Here is a rudimentary LMM analysis using the `lme`

function from the **nlme** package. It also requires the long format data frame. This is just a starting point for LMM modeling with this kind of design. The rudimentary model specified here assumes sphericity and the results for the omnibus F test match what was found with `aov`

.

```
# first, default, LMM model assumes sphericity and reproduces the
# omnibus F test produced as the "average F" in the SPSS MANOVA approach
fit1.lme <- lme(dv ~ type, random = ~1|snum/type, data=long1.df)
anova(fit1.lme)
```

```
## numDF denDF F-value p-value
## (Intercept) 1 36 13.317097 8e-04
## type 4 36 8.844723 <.0001
```

```
## Linear mixed-effects model fit by REML
## Data: long1.df
## AIC BIC logLik
## 357.0839 371.5372 -170.542
##
## Random effects:
## Formula: ~1 | snum
## (Intercept)
## StdDev: 8.459511
##
## Formula: ~1 | type %in% snum
## (Intercept) Residual
## StdDev: 6.930132 3.110725
##
## Fixed effects: dv ~ type
## Value Std.Error DF t-value p-value
## (Intercept) 10.520000 2.882776 36 3.649260 0.0008
## type.L 11.384200 2.402152 36 4.739167 0.0000
## type.Q 7.964385 2.402152 36 3.315521 0.0021
## type.C 3.004164 2.402152 36 1.250614 0.2191
## type^4 1.446227 2.402152 36 0.602055 0.5509
## Correlation:
## (Intr) type.L type.Q type.C
## type.L 0
## type.Q 0 0
## type.C 0 0 0
## type^4 0 0 0 0
##
## Standardized Within-Group Residuals:
## Min Q1 Med Q3 Max
## -0.756930607 -0.157209242 -0.003407451 0.137647579 1.550657810
##
## Number of Observations: 50
## Number of Groups:
## snum type %in% snum
## 10 50
```

We can create our own set of orthogonal contrasts for this design and reanalyze.
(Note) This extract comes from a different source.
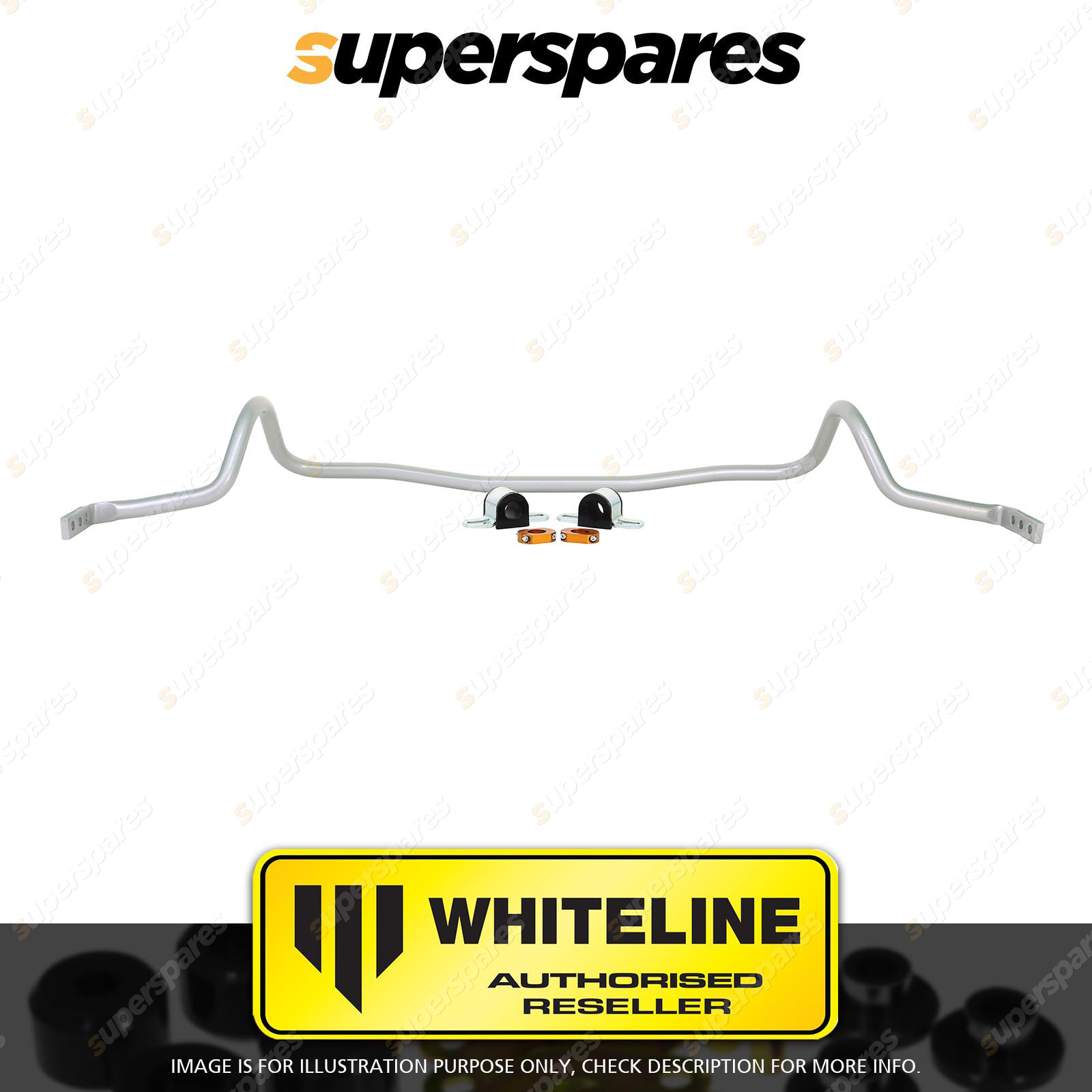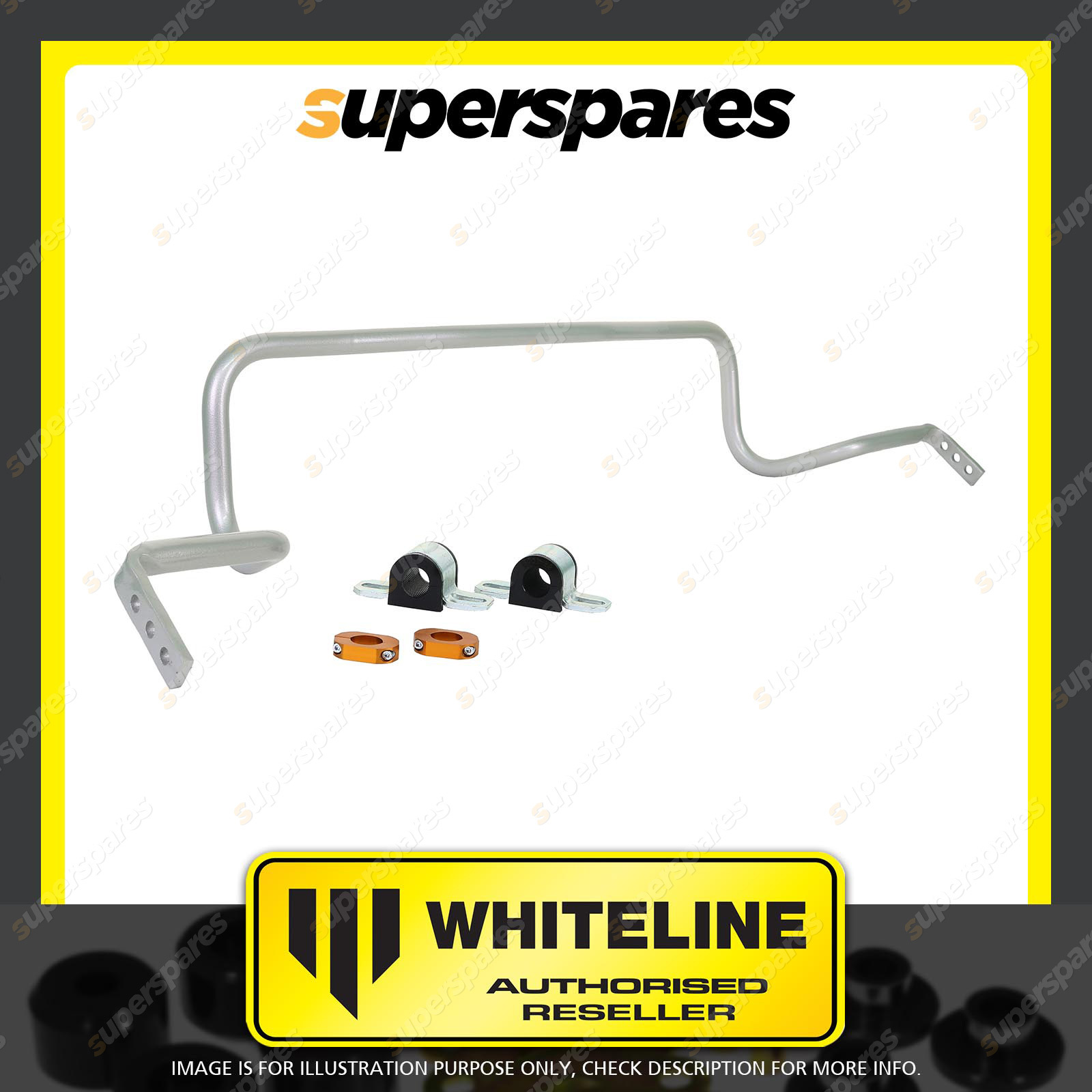 Contents : Whiteline Sway Bar - 22mm 3 Point Adjustable Position : Front Warranty : 3 Year / 60,000Kms Kit Contents : 1 Sway Bar, 2 Bushings, 2 Saddles, 2 Lateral Locks, Install Guide, Grease |

However, the test statistics for the contrasts all have 36 df and are thus not specific to the contrast - they are also potentiall flawed by any non-sphericity.

```
# now create contrasts for the type factor
contrasts.type <- matrix(c(4,-1,-1,-1,-1,
0, 3,-1,-1,-1,
0, 0,-1,-1, 2,
0, 0,-1, 1, 0), ncol = 4)
contrasts(long1.df$type) <- contrasts.type
contrasts(long1.df$type)
fit2.lme <- lme(dv ~ type, random = ~1|snum/type, data=long1.df)
anova(fit2.lme)
summary(fit2.lme)
```

```
## [,1] [,2] [,3] [,4]
## clean 4 0 0 0
## homecage -1 3 0 0
## iguana -1 -1 -1 -1
## whiptail -1 -1 -1 1
## krat -1 -1 2 0
## numDF denDF F-value p-value
## (Intercept) 1 36 13.317097 8e-04
## type 4 36 8.844723 <.0001
## Linear mixed-effects model fit by REML
## Data: long1.df
## AIC BIC logLik
## 365.0495 379.5028 -174.5247
##
## Random effects:
## Formula: ~1 | snum
## (Intercept)
## StdDev: 8.459511
##
## Formula: ~1 | type %in% snum
## (Intercept) Residual
## StdDev: 6.930132 3.110725
##
## Fixed effects: dv ~ type
## Value Std.Error DF t-value p-value
## (Intercept) 10.520000 2.8827764 36 3.649260 0.0008
## type1 -0.930000 0.5371375 36 -1.731400 0.0919
## type2 -1.816667 0.6934415 36 -2.619784 0.0128
## type3 4.916667 0.9806744 36 5.013557 0.0000
## type4 1.050000 1.6985778 36 0.618164 0.5404
## Correlation:
## (Intr) type1 type2 type3
## type1 0
## type2 0 0
## type3 0 0 0
## type4 0 0 0 0
##
## Standardized Within-Group Residuals:
## Min Q1 Med Q3 Max
## -0.756930607 -0.157209242 -0.003407451 0.137647579 1.550657810
##
## Number of Observations: 50
## Number of Groups:
## snum type %in% snum
## 10 50
```

Detailed treatment of the repeated measures analyses can be found in the separate document on 1-factor repeated measures analysis.